The Higgs boson factory is only the first step of the ambitious plan. A second-phase project named SPPC (Super Proton-Proton Collider) is also included in the design-a fully upgraded version of LHC.
LHC shut down for upgrading in early 2013 and restarted in June with an almost doubled energy level of 13 TeV, a measurement of electron volts.
"LHC is hitting its limits of energy level, it seems not possible to escalate the energy dramatically at the existing facility," Wang said. The proposed SPPC will be a 100 TeV proton-proton collider.
If everything moves forward as proposed, the construction of the first phase project CEPC will start between 2020 and 2025, followed by the second phase in 2040.

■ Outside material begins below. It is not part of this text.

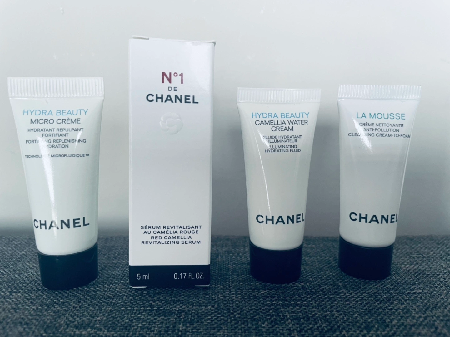 Set of four travel-sized Chanel skincare products, items are all brand new and unopened. Includes: Micro Crème, Camellia Water Cream, Red Camellia Revitalizing Serum, and Cleansing Cream-to-Foam.
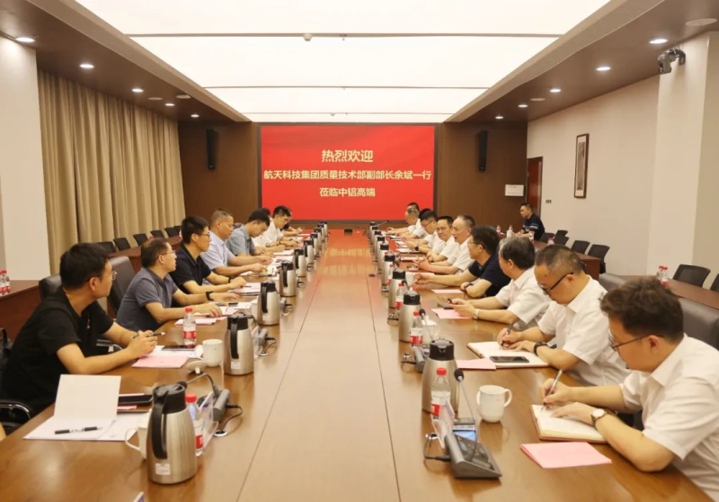 8月7日,航天科技集团质量技术部副部长余斌一行到中铝高端交流访问,进一步加强双方战略合作,拓展业务领域。

"China brings to this entire discussion a certain level of newness. They are going to need help, but they have financial muscle and they have ambition," said Nima Arkani Hamed from the Institute for Advanced Study in the United States, who joined the force to promote CEPC in the world.
David J. Gross, a US particle physicist and 2004 Nobel Prize winner, wrote in a commentary co-signed by US theoretical physicist Edward Witten that although the cost of the project would be great, the benefits would also be great. "China would leap to a leadership position in an important frontier area of basic science," he wrote.
http://www.dailygalaxy.com/my_weblo...universe-so-far-the-standard-model-seems.html
Nima Arkani Hamed Ed Witten and David Gross thinks China should build a 100 TEV scale collider presumably with Chinese money
perhaps the US and Russia and EU can build telescopes ;)-)
perhaps a 100 TEV collider is needed to create dark matter and explore other BSM physics.